[Exercise]
What is the count of lines below that include "время"? Reply with nothing else.

[Given entries]
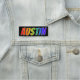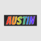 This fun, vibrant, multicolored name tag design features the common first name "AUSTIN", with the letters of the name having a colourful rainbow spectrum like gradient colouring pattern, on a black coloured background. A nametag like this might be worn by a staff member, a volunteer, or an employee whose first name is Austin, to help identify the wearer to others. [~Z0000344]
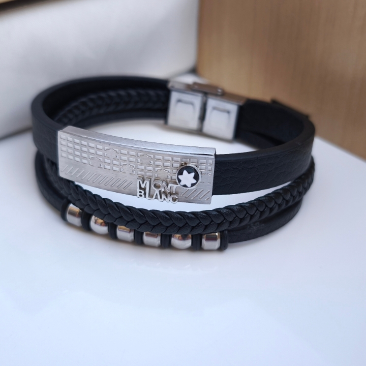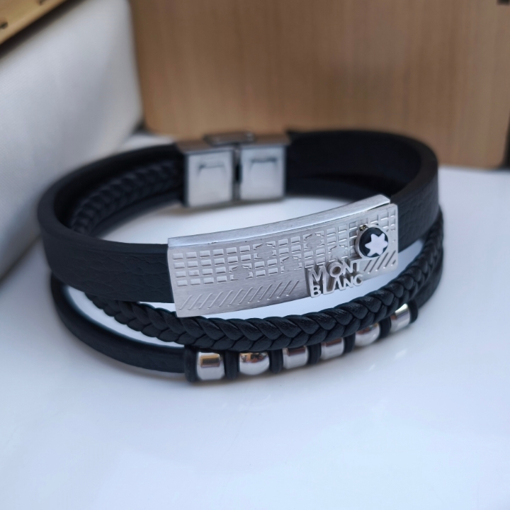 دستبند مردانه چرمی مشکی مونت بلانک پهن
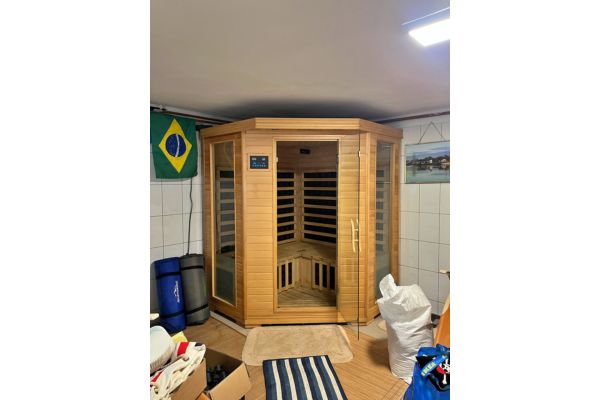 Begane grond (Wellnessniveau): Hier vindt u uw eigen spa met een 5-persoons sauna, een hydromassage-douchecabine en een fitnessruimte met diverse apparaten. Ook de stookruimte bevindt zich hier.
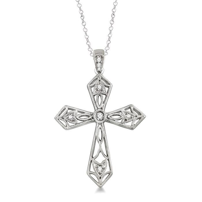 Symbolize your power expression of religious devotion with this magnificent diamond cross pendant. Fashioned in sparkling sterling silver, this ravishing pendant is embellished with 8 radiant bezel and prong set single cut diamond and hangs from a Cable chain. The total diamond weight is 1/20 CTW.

* * *

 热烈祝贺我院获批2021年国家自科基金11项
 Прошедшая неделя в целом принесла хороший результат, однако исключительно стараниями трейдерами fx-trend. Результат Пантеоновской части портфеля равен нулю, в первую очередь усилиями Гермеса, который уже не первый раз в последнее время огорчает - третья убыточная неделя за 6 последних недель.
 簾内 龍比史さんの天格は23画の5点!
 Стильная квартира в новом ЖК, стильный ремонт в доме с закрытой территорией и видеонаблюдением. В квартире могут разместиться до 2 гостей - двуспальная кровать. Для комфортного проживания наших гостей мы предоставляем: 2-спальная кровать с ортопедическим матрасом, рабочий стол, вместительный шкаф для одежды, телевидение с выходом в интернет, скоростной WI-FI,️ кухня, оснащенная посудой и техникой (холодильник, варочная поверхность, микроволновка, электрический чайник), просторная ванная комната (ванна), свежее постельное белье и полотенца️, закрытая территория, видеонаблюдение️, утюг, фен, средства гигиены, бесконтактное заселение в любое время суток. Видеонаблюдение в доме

[Task answer]
2